La Stampa, 1 febbraio 2018
Presi i ragazzini della baby gang di Chiaiano. Sono sbandati, violenti e non vanno a scuola
Alla fine li ha traditi la tecnologia. Grazie ai filmati dei sistemi di videosorveglianza e al monitoraggio dei social network, gli investigatori sono riusciti a individuare i dieci minorenni che lo scorso 12 gennaio vicino alla fermata del metrò di Chiaiano massacrarono di botte un ragazzino (i medici furono costretti ad asportargli la milza). Il più piccolo del gruppo non è imputabile, gli altri 9 invece hanno tra i 14 e i 17 anni e dunque sono stati raggiunti dalle ordinanze cautelari: 8 in comunità, uno ai domiciliari. Reato ipotizzato: lesioni gravissime. La baby gang si accanì senza alcun motivo contro il quindicenne Gaetano prendendolo a pugni e calci sino a provocargli danni irreversibili. Un passatempo per adolescenti sbandati – solo 6 risultano iscritti a scuola – e violenti a proposito dei quali il questore di Napoli Antonio De Iesu ieri ha detto: «Erano lì perché non avevano altro da fare, e questo è l’aspetto più grave. Si tratta di minori che non frequentano la scuola come dovrebbero e vivono in contesti ambientali particolari, in quartieri “sensibili”, dove l’esigenza di aggregarsi e fare branco è ritenuta fondamentale».

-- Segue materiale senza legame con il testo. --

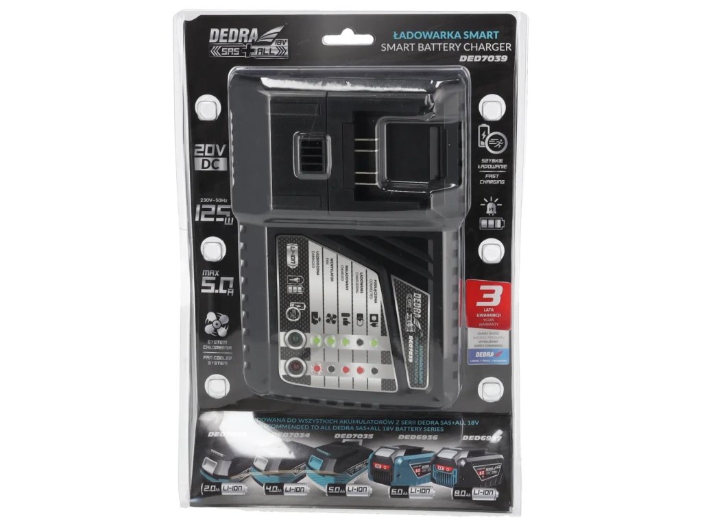 Ovaj proizvod namijenjen je za punjenje baterija serije SAS+ALL (DED7032, DED7034, DED7035, DED6936, DED6937). Baterija kapaciteta 2,0 Ah puni se za 30 minuta, a baterija kapaciteta 4,0 Ah za 1 sat. Najsnažnija baterija od 5Ah može se napuniti za 1 sat i 10 minuta. Punjač je opremljen ventilatorom koji hladi bateriju tijekom punjenja i štiti je od pregrijavanja. Osim toga, punjač je opremljen informacijskim sustavom LED baterije i ima dijagnostičku funkciju.

Nel ripercorrere l’attività di intelligence che ha portato alla cattura dei piccoli delinquenti, il numero uno della polizia napoletana ha prima rimarcato l’urgenza di effettuare adeguate «analisi sui contesti familiari» e poi ricordato che nessun testimone ha aiutato le indagini: «Purtroppo, ed è un dato oggettivo, la collaborazione con le forze di polizia è stata pari quasi a zero, un dato su cui riflettere. Le fiaccolate, le manifestazioni di sostegno sono importanti, ma non sufficienti. Abbiamo chiara la dimensione dei branchi – ha proseguito De Iesu – ma serve anche l’aiuto di chi ha visto: video, immagini, che tratteremo con riservatezza, grazie ai quali avere dei punti ci partenza. Mi auguro che le risposte che abbiamo dato siano l’inizio di un processo di consapevolezza». All’auspicio del questore fa però da contraltare la reazione degli indagati, i quali, come ha raccontato il dirigente del commissariato di Scampia, Bruno Mandato: «Hanno avuto atteggiamenti tutt’altro che rispettosi nei confronti degli inquirenti durante gli interrogatori». Più o meno lo stesso comportamento tenuto dal minorenne arrestato qualche settimana fa per un’altra aggressione che aveva scosso l’opinione pubblica, quella del 17enne Arturo, colpito con numerose coltellate (una alla gola) e ridotto in fin di vita in una strada del centro, anche in quel caso senza motivo. Un’arroganza purtroppo già vista in altre occasioni, persino tra i genitori e gli altri parenti dei baby teppisti.
Il cardinale Crescenzio Sepe, arcivescovo di Napoli, ha commentato l’operazione di polizia: «Credo che pagare la pena, il fio di quello che hanno compiuto, possa essere anche un’occasione di trasformazione per questi ragazzi che probabilmente non hanno avuto un minimo di aiuto né dalle loro famiglie, né dalla scuola né dalla Chiesa per crescere nella loro vita». Il presule – che proprio dalle pagine de La Stampa un mese fa aveva denunciato il «vuoto materiale, culturale e morale in cui crescono i ragazzi» – ha poi rinnovato il suo appello «a tutti coloro che sono istituzionalmente impegnati per i giovani di Napoli».